Anomalous Landau level gaps near magnetic transitions in monolayer WSe$_2$

TL;DR

This study maps the spin phase diagram and Landau level gaps in monolayer WSe$_2$, revealing first-order phase transitions, unexpected constant LL gaps, and the influence of LL filling on exchange energy, indicating re-entrant magnetic phases.

Contribution

It provides the first detailed mapping of spin phase transitions and Landau level behaviors in monolayer WSe$_2$, highlighting unique re-entrant magnetic phenomena.

Findings

First-order phase transitions between spin-polarized Landau levels.

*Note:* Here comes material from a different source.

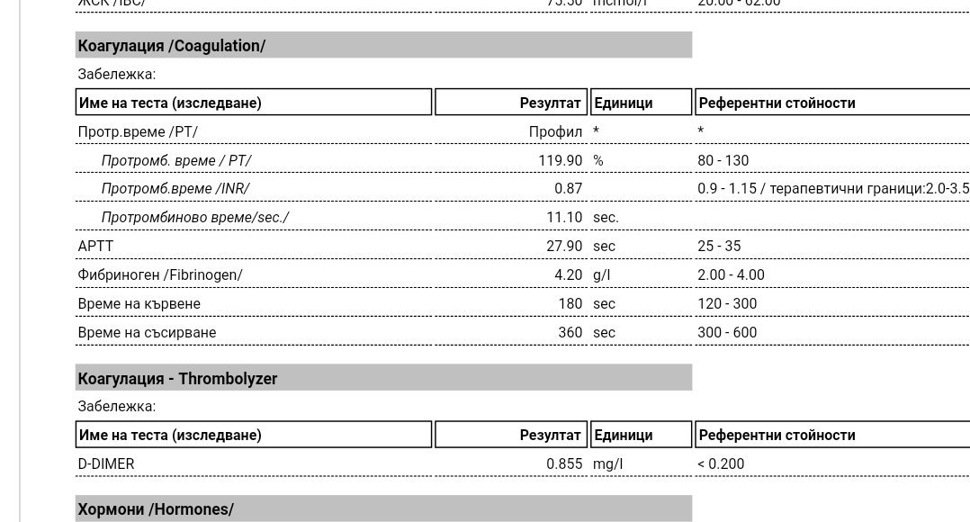 Показах отново резултатите на гинеколожката, показах написаното от Паскалева и беше на кантар за терапия. Ни така, ни иначе. Ако не изпише нищо, и се случи нещо - кофти, а да изпише нещо - то реално няма реално установена причина. В крайна сметка се разбрахме за Фраксипарин 0.3, но аз още съм на кантар и не мога да се реша. След 2 седмици съм при Сигридов и аз. Само Д-Димер и фибриноген не бях изследвала

Landau level gaps remain roughly constant over wide magnetic field ranges.

Re-entrant magnetic phase transitions influenced by Landau level filling.

Abstract

First-order phase transitions produce abrupt changes to the character of both ground and excited electronic states. Here we conduct electronic compressibility measurements to map the spin phase diagram and Landau level (LL) energies of monolayer WSe$_2$ in a magnetic field. We resolve a sequence of first-order phase transitions between completely spin-polarized LLs and states with LLs of both spins. Unexpectedly, the LL gaps are roughly constant over a wide range of magnetic fields below the transitions, which we show reflects a preference for opposite spin excitations of the spin-polarized ground state. These transitions also extend into compressible regimes, with a sawtooth boundary between full and partial spin polarization. We link these observations to the important influence of LL filling on the exchange energy beyond a smooth density-dependent contribution. Our results show that WSe$_2$ realizes a unique hierarchy of energy scales where such effects induce re-entrant magnetic phase transitions tuned by density and magnetic field.